In the modern game the average ratio of hand pass to foot pass in a game is approximately 3:1. So for every three hand passes you are likely to see a foot pass although in some games this ratio is probably much much greater, particularly during spells of strategic game management by certain sides or if the opposition set up with a deep-lying defence.

In that case, most teams will take the easy option of a hand pass sideways rather than try and be decisive with a piercing kick pass from distance.
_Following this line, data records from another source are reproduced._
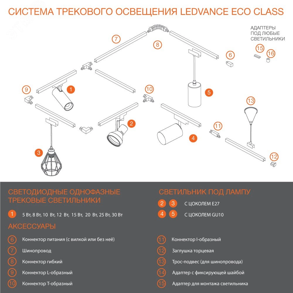 Однофазные трековые светодиодные светильники/прожекторы LEDVANCE ECO CLASS! В линейке сбалансированное количество различных мощностей от 5 до 30 Вт черного и белого цвета. Современный дизайн светильников впишется в любой интерьер спальни, кухни, лоджии, прихожей для создания стильного акцентного или общего освещения. Светильники совместимы с любыми однофазными шинопроводами, а также в линейке доступны все необходимые аксессуары для создания трековых систем освещения.
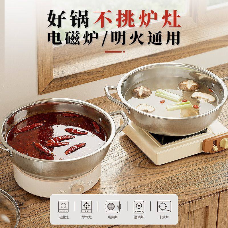不锈钢鸳鸯锅火锅汤锅炉子专用加厚锅具家用单人小火锅商用火锅盆
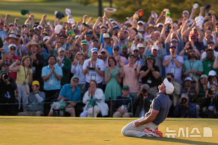 [오거스타=AP/뉴시스] 로리 매킬로이(북아일랜드)가 13일(현지 시간) 미 조지아주 오거스타 내셔널 골프클럽에서 열린 제89회 마스터스 토너먼트 최종 라운드 연장전에서 승리한 후 포효하고 있다. 매킬로이는 최종 합계 11언더파 277타로 저스틴 로즈(영국)와 동타를 이뤄 연장 끝에 정상에 올라 커리어 '그랜드 슬램'을 달성했다. 2025.04.14.
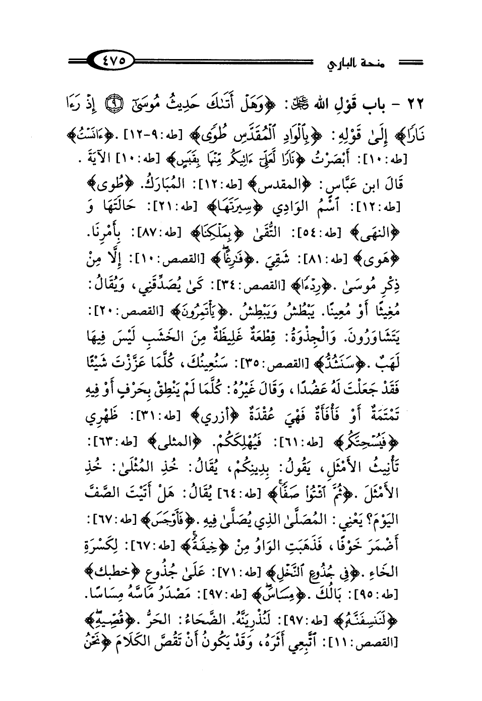 {آنَسْتُ} [طه: 10]: أَبْصَرْتُ، {نَارًا لَعَلِّي آتِيكُمْ مِنْهَا بِقَبَسٍ} [طه: 10] الآيَةَ " قَال ابْنُ عَبَّاسٍ المُقَدَّسُ: "المُبَارَكُ"، طُوًى: "اسْمُ الوَادِي"، {سِيرَتَهَا} [طه: 21]: "حَالتَهَا وَالنُّهَى التُّقَى"، {بِمَلْكِنَا} [طه: 87]: "بِأَمْرِنَا"، {هَوَى} [طه: 81]: "شَقِيَ"، {فَارِغًا} [القصص: 10]: "إلا مِنْ ذِكْرِ مُوسَى"، {رِدْءًا} [القصص: 34]: "كَيْ يُصَدِّقَنِي، وَيُقَالُ: مُغِيثًا أَوْ مُعِينًا، يَبْطُشُ وَيَبْطِشُ"، {يَأْتَمِرُونَ} [القصص: 20]: "يَتَشَاوَرُونَ، وَالجِذْوَةُ قِطْعَةٌ غَلِيظَةٌ مِنَ الخَشَبِ لَيْسَ فِيهَا لَهَبٌ". {سَنَشُدُّ} [القصص: 35]: "سَنُعِينُكَ، كُلَّمَا عَزَّزْتَ شَيْئًا فَقَدْ جَعَلْتَ لَهُ عَضُدًا" وَقَال غَيْرُهُ: كُلَّمَا لَمْ يَنْطِقْ بِحَرْفٍ أَوْ فِيهِ تَمْتَمَةٌ أَوْ فَأْفَأَةٌ فَهِيَ عُقْدَةٌ، {أَزْرِي} [طه: 31]: ظَهْرِي {فَيُسْحِتَكُمْ} [طه: 61]: فَيُهْلِكَكُمْ، {المُثْلَى} [طه: 63]: تَأْنِيثُ الأَمْثَلِ، يَقُولُ: بِدِينِكُمْ، يُقَالُ: خُذِ المُثْلَى خُذِ الأَمْثَلَ، {ثُمَّ ائْتُوا صَفًّا} [طه: 64]، يُقَالُ: هَلْ أَتَيْتَ الصَّفَّ اليَوْمَ، يَعْنِي المُصَلَّى الَّذِي يُصَلَّى فِيهِ، {فَأَوْجَسَ} [طه: 67]: أَضْمَرَ خَوْفًا، فَذَهَبَتِ الوَاوُ مِنْ {خِيفَةً} [هود: 70] لِكَسْرَةِ الخَاءِ. {فِي جُذُوعِ النَّخْلِ} [طه: 71]: عَلَى جُذُوعِ، {خَطْبُكَ} [طه: 95]: بَالُكَ. {مِسَاسَ} [طه: 97]: مَصْدَرُ مَاسَّهُ مِسَاسًا. {لَنَنْسِفَنَّهُ} [طه: 97]: لَنُذْرِيَنَّهُ. الضَّحَاءُ الحَرُّ. {قُصِّيهِ} [القصص: 11]: اتَّبِعِي أَثَرَهُ، وَقَدْ يَكُونُ أَنْ تَقُصَّ الكَلامَ. {نَحْنُ
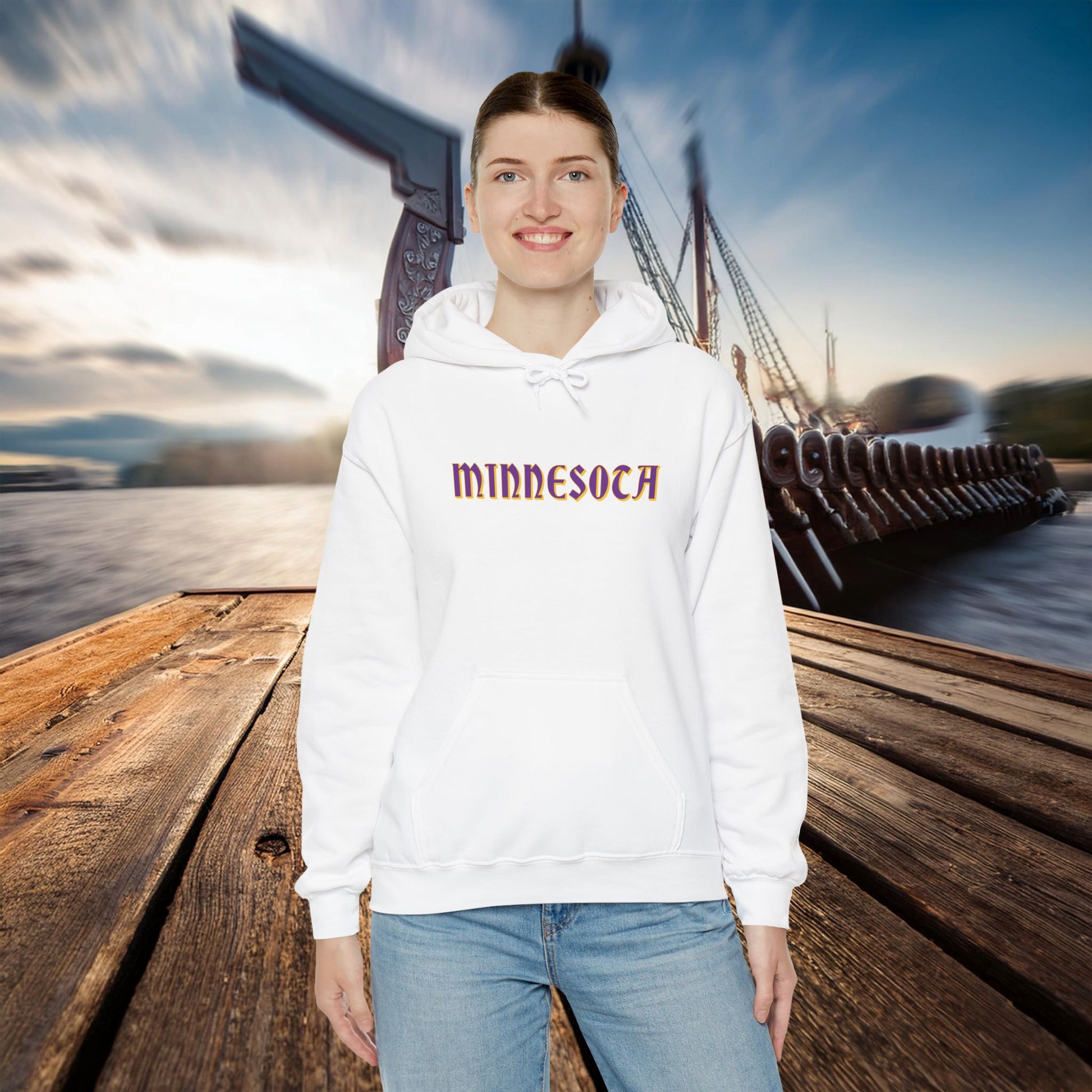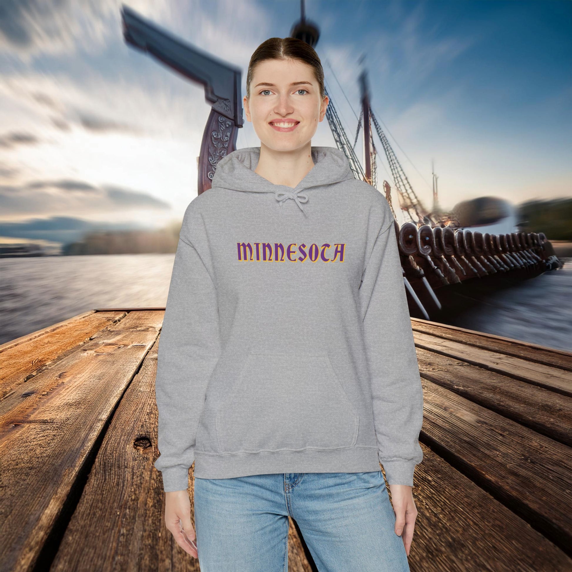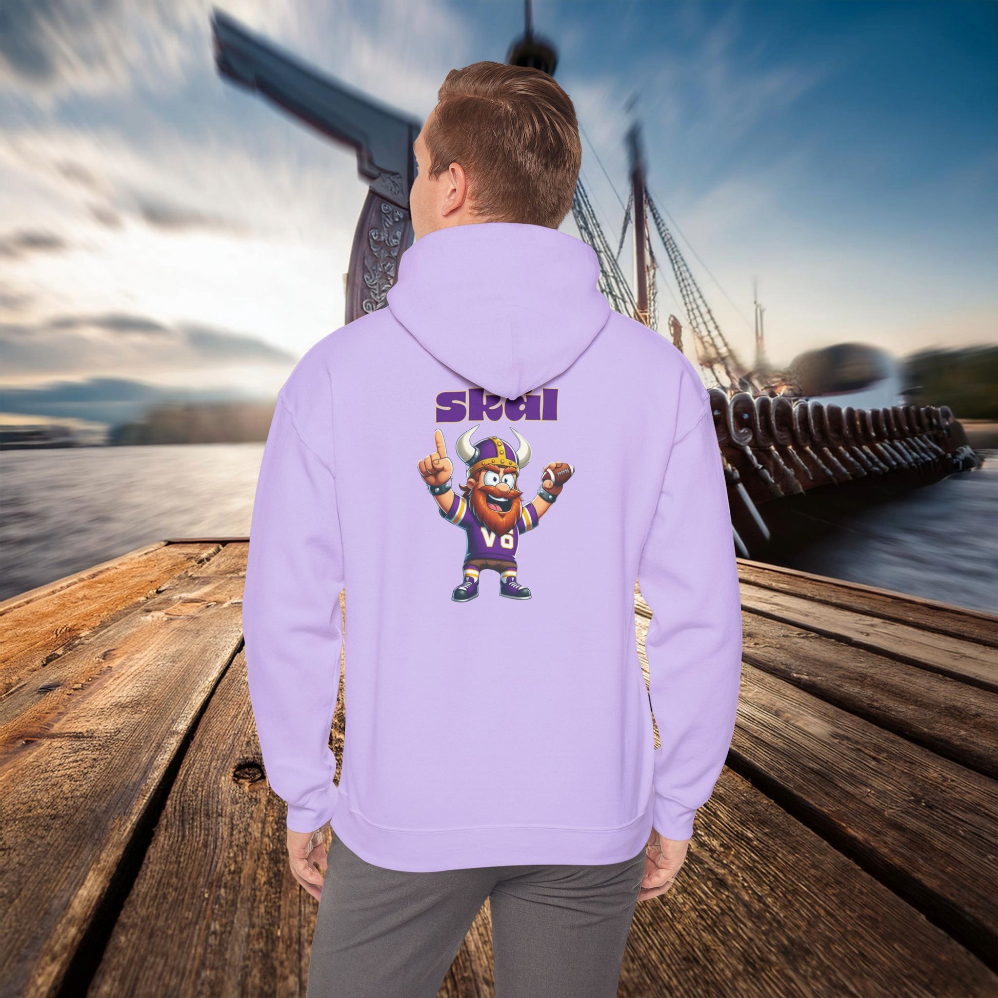 This Minnesota Vikings themed heavy blend hooded sweatshirt is relaxation itself. Made with a thick blend of cotton and polyester, it feels plush, soft and warm, a perfect choice for any cold day. In the front, the spacious kangaroo pocket adds daily practicality while the hood's drawstring is the same color as the base sweater for extra style points.
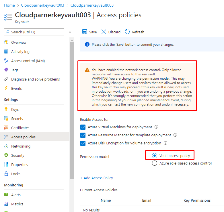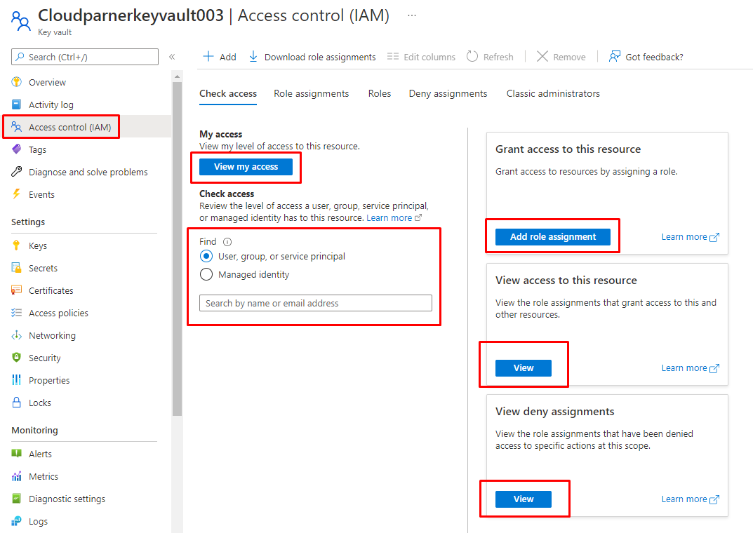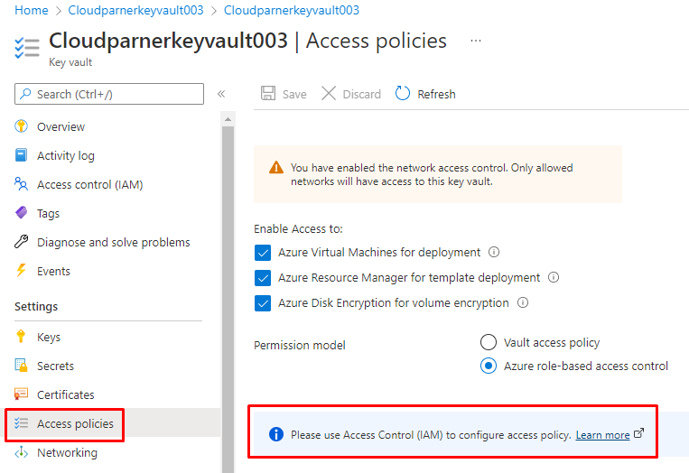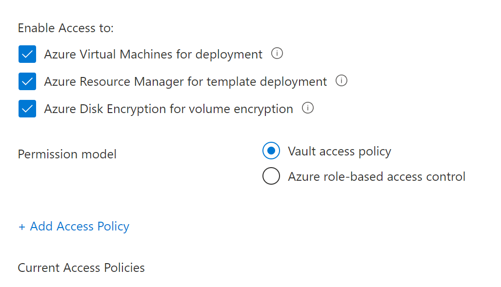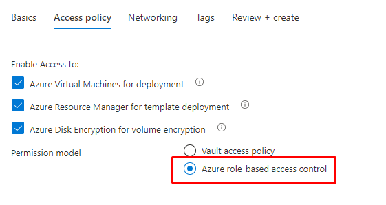 - Depending on the permission model of the key vault (access policy or Azure RBAC), key vault access can be granted either by creating an access policy on the key vault, or by creating a new Azure RBAC role assignment with the role Key Vault Crypto Service Encryption User.
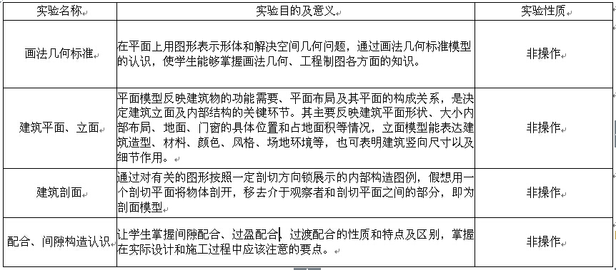 建筑模型实验室主要培养学生对建筑构筑物的直观认识,包括平面图、立面图、剖面图。从而巩固所学工程制图课程,并为专业课程的学习奠定基础,而通过直观认识使得学生在创新精神、综合能力、实践操作能力等各方面有所提高,对土木工程相关专业来讲,模型实验室起着不可替代的作用。通过对建筑模型的识读,学生可以感性认识到各种建筑结构形态,空间投影,结构组合等制图规律,增加学生的空间思维能力和识读施工图的能力。
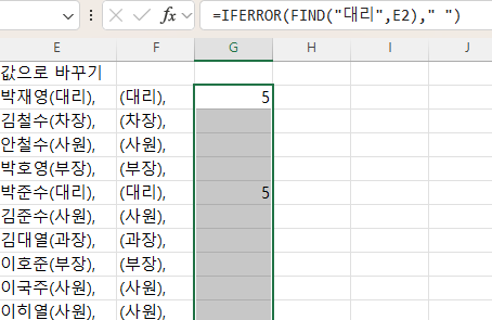 대리가 있을 때는 Find에서 나타낸 값 (대리라는 글자는 확인 셀의 5번째에 위치한다)이 나오고
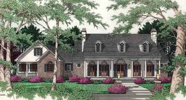 A scrolled arched entrance, Roman Doric columns, and beveled leaded glass transoms over fixed French doors are all carefully detailed to create this elegant classical home. A vaulted living room opens to the balcony above. The secluded master suite enjoys a vaulted ceiling. Two additional bedrooms share a full bath; each room has direct access to the bath.
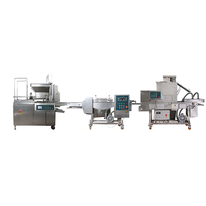 洋蔥圈生產線把混合好的原料經過成型,上濃漿,上康,油炸,速凍等工藝做出不同厚度不同規格的肉餅。模板可以生產不同形狀的產品(如圓形,三角形,橢圓形,卡通雞塊形狀,不規則形狀)的洋蔥圈,通過模板更換產品。洋蔥圈生產線適用于蔬菜、奶酪以及它們混合料。蔬菜洋蔥圈生產線的需要配置前處理設備和后處理設備:切丁,混合,油炸包裝等設備
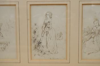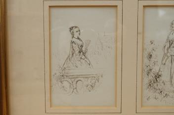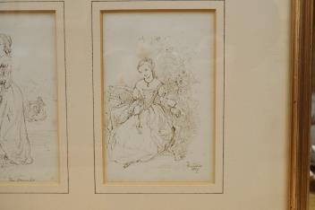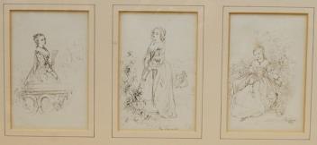 Lot 728 , J. Bouvier, Studies of fashionable ladies, to include one titled 'The bracelet', one signed and dated 1859, set of three pen and ink sketches, each mounted and framed as one, each 14 x 9cm
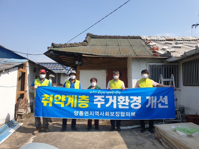 경기 양평군 양동면 지역사회보장협의체는 최근 나눔봉사의 일환으로 저소득층 주거환경개선사업을 실시해 주거환경이 열악한 홀몸노인 가구의 지붕 수리를 진행했다. 사진은 이날 참여한 봉사자들이 기념촬영을 하는 모습. (사진제공=양평군청)
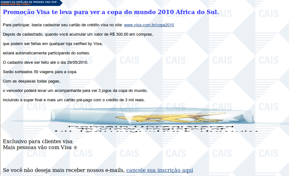| comentário | Mensagem falsa da Visa divulgando uma promoção. O link para o cadastro na promoção leva a conteúdo malicioso que não estava disponível no momento da análise. | |
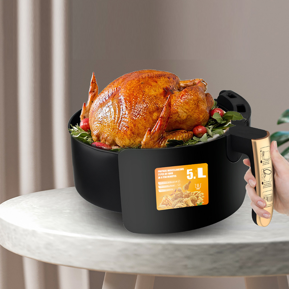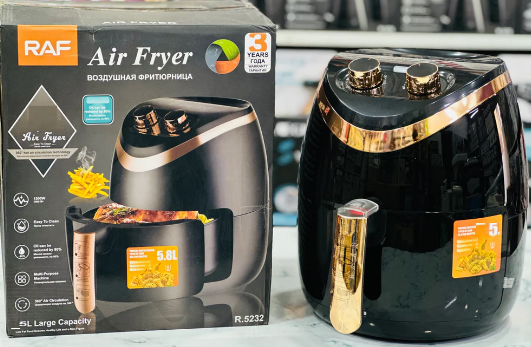 La freidora de aire RAF tiene una gran capacidad de 5, L para que puedas cocinar comidas para tu familia. Ofrece una cocción integral a cualquier nivel con control de termostato ajustable La sartén está hecha de material antiadherente y tiene un diseño fácil de lavar. El mecanismo de control se acciona manualmente, pudiendo elegir el tiempo y grado deseado.
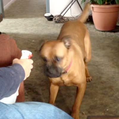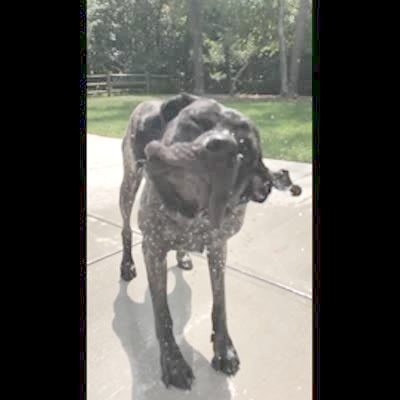 A Mastiff dog bites at a jet of water that a man shoots out of spray bottle at home.

Even a high risk pass seems to have been erased from the game at senior level.

Instead of complaining and moaning about there being too many hand passes in the modern game, it is up to us as coaches to try and change mindsets, especially that of the younger generation. I always use the simple advice that all young people need is a wall and a ball to practice their kicking and first touch.

How can we implement punt passing into a whole training session? I thought it would be difficult, but after running a number of successful sessions on punt passing, I have changed my mind. It can be done.

A few weeks back I was taking a session for a club side, I had 32 outfield players and the large majority of the session revolved around kick passing and good movement. Two things are very important in a kick-passing game, the quality of the pass but also, just as importantly, the quality of movement, particularly from your forward line.

I started my sessions in the warm-up by focusing on touch by replicating some really short foot passing just to gain a feel for the ball, encouraging players to keep their heads down and focus on the pass while also emphasising the importance of a good first touch when receiving the ball.

After the warm-up I ran a number of kick-passing drills with a shot incorporated in. We then went into groups of eight players working on four cross-field games of a 1v1 and a 2v2 nature on each side, with four players working on movement and four working on the delivery of the pass before swapping roles.

That perfectly accommodated all 32 players in the panel before we moved onto two larger sided games of 6v6 on two halves with a score being awarded for a 30-metre punt pass. Finally,we moved into a 15 v 15 full pitch game with two goalkeepers, with the emphasis being on delivery from the middle third to the inside line, trying to get players to concentrate on bypassing lines with their kick passes.

Remember coaches, coaching the kick is not a quick fix. It will take patience and time, but the younger you start with your players the easier it will be to integrate them into a more confident kicking approach at senior level. A top university coach recently told me that the volume of elite footballers who arrive at university from all over Ireland who can’t efficiently kick pass the ball is very concerning.

Be patient when coaching the kick pass, accept there will be mistakes and don’t forget to tell the young players, a bad ball early is sometimes better than a good ball late – or as the great John Morrison use to say, hit spaces not faces!